Quando o parceiro traído sente que tem todas as respostas de que precisa, o casal pode começar a trabalhar na reconstrução da confiança. Casais como Lilian e Mateus se afastaram um do outro de muitas maneiras ao longo do tempo, o que se soma aos sentimentos que, no final, levaram Mateus a trair. Eles negligenciaram o relacionamento e esse conhecimento e aceitação por parte de Lilian ameniza um pouco os conflitos e abre uma nesga na cortina de um futuro (ainda) juntos.
Uma vez que os casais processam o que aconteceu, eles precisam começar a se sintonizar novamente um com o outro. Lilian e Mateus descobriram que evitavam um ao outro para evitar conflitos na maioria das vezes, além da sobrecarga familiar. Sintonizar novamente requer diálogo sobre problemas — tanto problemas perpétuos em andamento quanto questões passadas que podem ter causado algum dano ao relacionamento.
Reconheça que o conflito é inevitável.
O conflito é uma parte natural da vida e no relacionamento amoroso não seria diferente. Todo relacionamento tem conflito devido a diferentes valores, crenças e filosofias de vida. Quando essas diferenças são discutidas com segurança, e quando honradas e respeitadas, o casal experimentará maior intimidade.

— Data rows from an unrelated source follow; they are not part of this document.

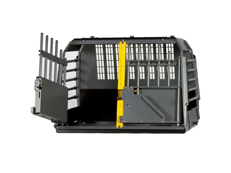 Transportbur til hunde - VarioCage Double Medium (DM) VarioCage hundebur er det rigtige valg til den trafikbevidste hundeejer, som værdsætter sikker transport. Hundeburet er crash testet på SP Technical Research Institute of Sweden i Borås, med deres testmetode SPCT Safe Pet Crate Test. I tilfælde af kollision komprimeres VarioCage således, at kraften fra kollisionen neutraliseres, hvilket betyder, at både dyr og personer i bilen beskyttes mod skader. Denne model er 650 mm høj, hvilket betyder 630 mm indvendig højde, og er egnet til hunde op til 58 cm i højden.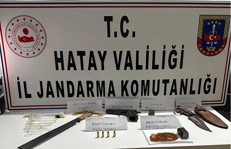 Burada yapılan aramada, 9 mm çapında ruhsatsız tabanca, 2 pala, 8 uyuşturucu madde kullanma aparatı ve 9 gram kaliforniyum kimyasal maddesi ele geçirildi.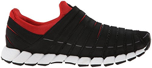 - Laceless cross-trainer featuring synthetic suede straps layered over mesh with hook-and-loop closure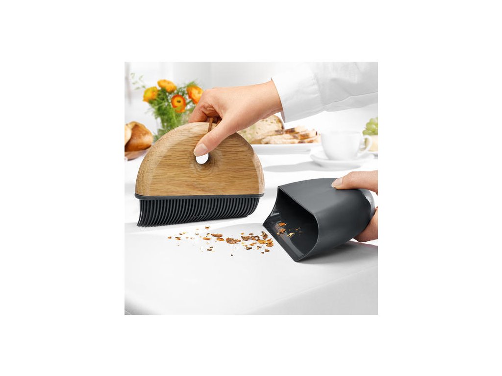 Pri vsakodnevni uporabi kuhinje se zgodi, da se kaj razlije, zdrobi. Zaradi svoje velikosti in praktične embalaže je ta priročni kuhinjski pomočnik Eva Solo lahko obešen ali shranjen v predalu in vedno pri roki. Ščetine ščetke so izdelane iz silikona, ročaj pa iz hrastovega lesa. Rezilo je izdelano iz plastike, zato ga je enostavno vzdrževati. V ročaju je praktična luknja za obešanje z dodatno usnjeno vrvico, na katero lahko obesite komplet.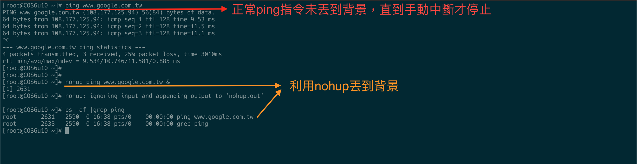 由下圖可見只要在指令前加上nohup ,標準輸出/入就會寫到nohup.out,在指令後加上 & 同時將指令放入背景運作。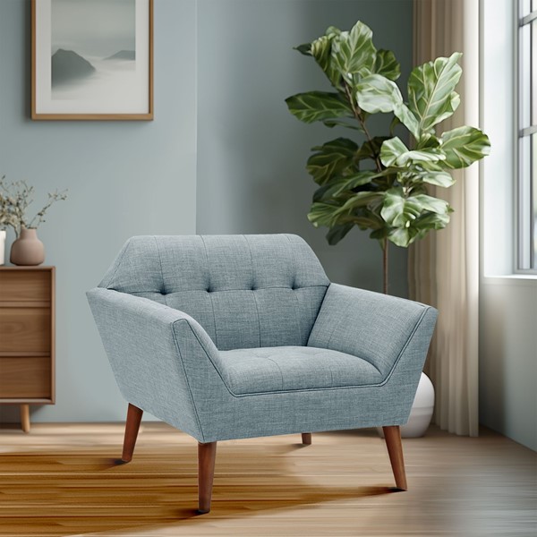 Elevate your living area with the mid-century allure of the INK+IVY Newport Upholstered Armchair. Featuring a wide 37-inch profile and a striking angular silhouette, enhanced by hand-tufted detailing, this chair makes a bold statement. The generously sized chair includes a tailored tight back and seat, offering plush, supportive comfort–perfect for lounging, reading, or relaxing. The plain, woven upholstery fabric made with filament yarn ensures durability and resilience to pilling. The solid wood legs add to its sturdy appeal. Ideal for the living room, bedroom, home office, and more, this versatile accent chair will transform your space. Bring home this stylish chair today!

Às vezes, isso pode parecer desconfortável e exigir um pouco de adequação com ambos cedendo um pouco. A interferência de um terapeuta experiente nestas questões podem deixar os diálogos mais confortáveis e assertivos.
Uma vez que o casal tenha se sintonizado novamente, será útil criar alguns rituais significativos para permanecerem conectados. Os casais podem ser criativos sobre maneiras de fazer aquilo que é especial e único para eles.
Talvez perder mais alguns minutinhos pela manhã e tomar café juntos, programar seus horários para poderem jantar em família, momento mais que especial para que todos os membros da família possam se comunicar. E é claro, tirar um tempo para juntos reconstruírem a intimidade, tempo no quarto à dois, passeios e “fugas” juntos, para colocar realmente a relação nos eixos.
Traições emocionais são um golpe forte para um relacionamento, mas um caso não precisa ser o fim. Casais que têm a fortaleza emocional para estender a mão e buscar a ajuda de que precisam podem criar um relacionamento muito mais significativo e íntimo após a infidelidade.